I am trying to uploading the lager file (size more than 100 MB) files
to Azure blob storage.Below is the code.
My problem is even though I have used BeginPutBlock with TPL (Task
Parallelism) it is taking more time (20 Min for 100 MB uploading). But
i have to upload the files more than 2 GB size.

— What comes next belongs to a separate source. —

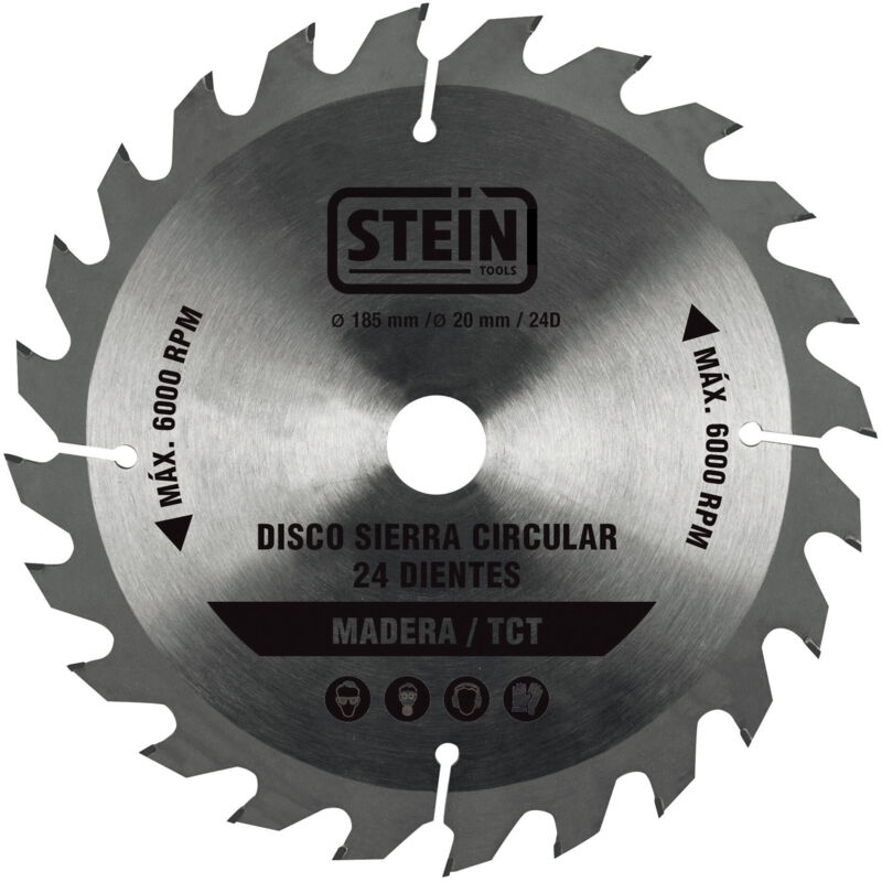 Disco STEIN in acciaio ad alta durezza. Indicato per il taglio del legno. Disco da 24 denti con finitura grossa.
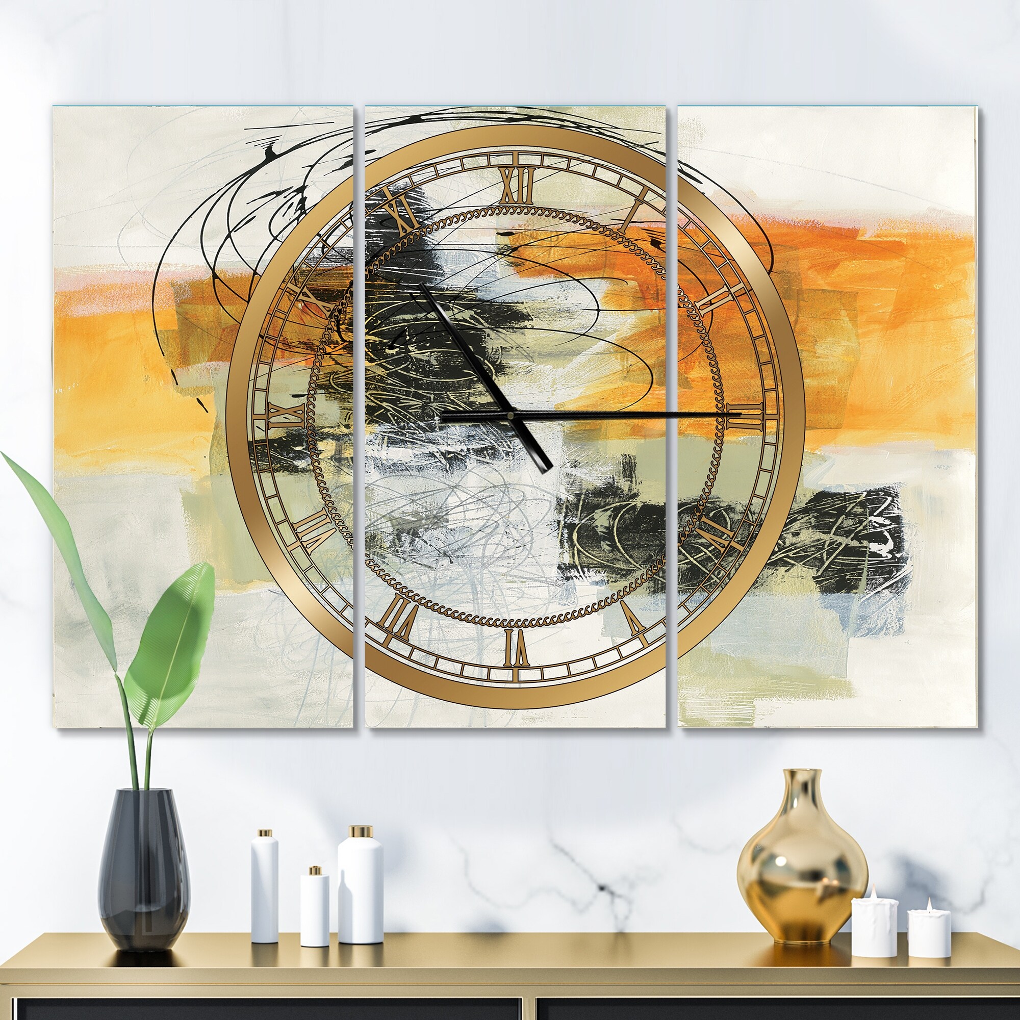 Designart 'Glam Black and Yellow I' Glam 3 Panels Oversized Wall CLock - 36 in. wide x 28 in. high - 3 panels

Can anyone please help
me on this.
namespace BlobSamples {
public class UploadAsync
{
static void Main(string[] args)
{
//string filePath = #"D:\Frameworks\DNCMag-Issue26-DoubleSpread.pdf";
string filePath = #"E:\E Books\NageswaraRao Meterial\ebooks\applied_asp.net_4_in_context.pdf";
string accountName = "{account name}";
string accountKey = "{account key}";
string containerName = "sampleContainer";
string blobName = Path.GetFileName(filePath);
//byte[] fileContent = File.ReadAllBytes(filePath);
Stream fileContent = System.IO.File.OpenRead(filePath);
StorageCredentials creds = new StorageCredentials(accountName, accountKey);
CloudStorageAccount storageAccount = new CloudStorageAccount(creds, useHttps: true);
CloudBlobClient blobclient = storageAccount.CreateCloudBlobClient();
CloudBlobContainer container = blobclient.GetContainerReference(containerName);
CloudBlockBlob blob = container.GetBlockBlobReference(blobName);
// Define your retry strategy: retry 5 times, starting 1 second apart
// and adding 2 seconds to the interval each retry.
var retryStrategy = new Incremental(5, TimeSpan.FromSeconds(1),
TimeSpan.FromSeconds(2));
// Define your retry policy using the retry strategy and the Azure storage
// transient fault detection strategy.
var retryPolicy =
new RetryPolicy<StorageTransientErrorDetectionStrategy>(retryStrategy);
// Receive notifications about retries.
retryPolicy.Retrying += (sender, arg) =>
{
// Log details of the retry.
var msg = String.Format("Retry - Count:{0}, Delay:{1}, Exception:{2}",
arg.CurrentRetryCount, arg.Delay, arg.LastException);
};
Console.WriteLine("Upload Started" + DateTime.Now);
ChunkedUploadStreamAsync(blob, fileContent, (1024*1024), retryPolicy);
Console.WriteLine("Upload Ended" + DateTime.Now);
Console.ReadLine();
}
private static Task PutBlockAsync(CloudBlockBlob blob, string id, Stream stream, RetryPolicy policy)
{
Func<Task> uploadTaskFunc = () => Task.Factory
.FromAsync(
(asyncCallback, state) => blob.BeginPutBlock(id, stream, null, null, null, null, asyncCallback, state)
, blob.EndPutBlock
, null
);
Console.WriteLine("Uploaded " + id + DateTime.Now);
return policy.ExecuteAsync(uploadTaskFunc);
}
public static Task ChunkedUploadStreamAsync(CloudBlockBlob blob, Stream source, int chunkSize, RetryPolicy policy)
{
var blockids = new List<string>();
var blockid = 0;
int count;
// first create a list of TPL Tasks for uploading blocks asynchronously
var tasks = new List<Task>();
var bytes = new byte[chunkSize];
while ((count = source.Read(bytes, 0, bytes.Length)) != 0)
{
var id = Convert.ToBase64String(BitConverter.GetBytes(++blockid));
blockids.Add(id);
tasks.Add(PutBlockAsync(blob, id, new MemoryStream(bytes, true), policy));
bytes = new byte[chunkSize]; //need a new buffer to avoid overriding previous one
}
return Task.Factory.ContinueWhenAll(
tasks.ToArray(),
array =>
{
// propagate exceptions and make all faulted Tasks as observed
Task.WaitAll(array);
policy.ExecuteAction(() => blob.PutBlockListAsync(blockids));
Console.WriteLine("Uploaded Completed " + DateTime.Now);
});
}
} }

If you can accept command line tool, you can try AzCopy, which is able to transfer Azure Storage data in high performance and its transferring can be resumed.
If you want to control the transferring jobs programmatically, please use Azure Storage Data Movement Library, which is the core of AzCopy.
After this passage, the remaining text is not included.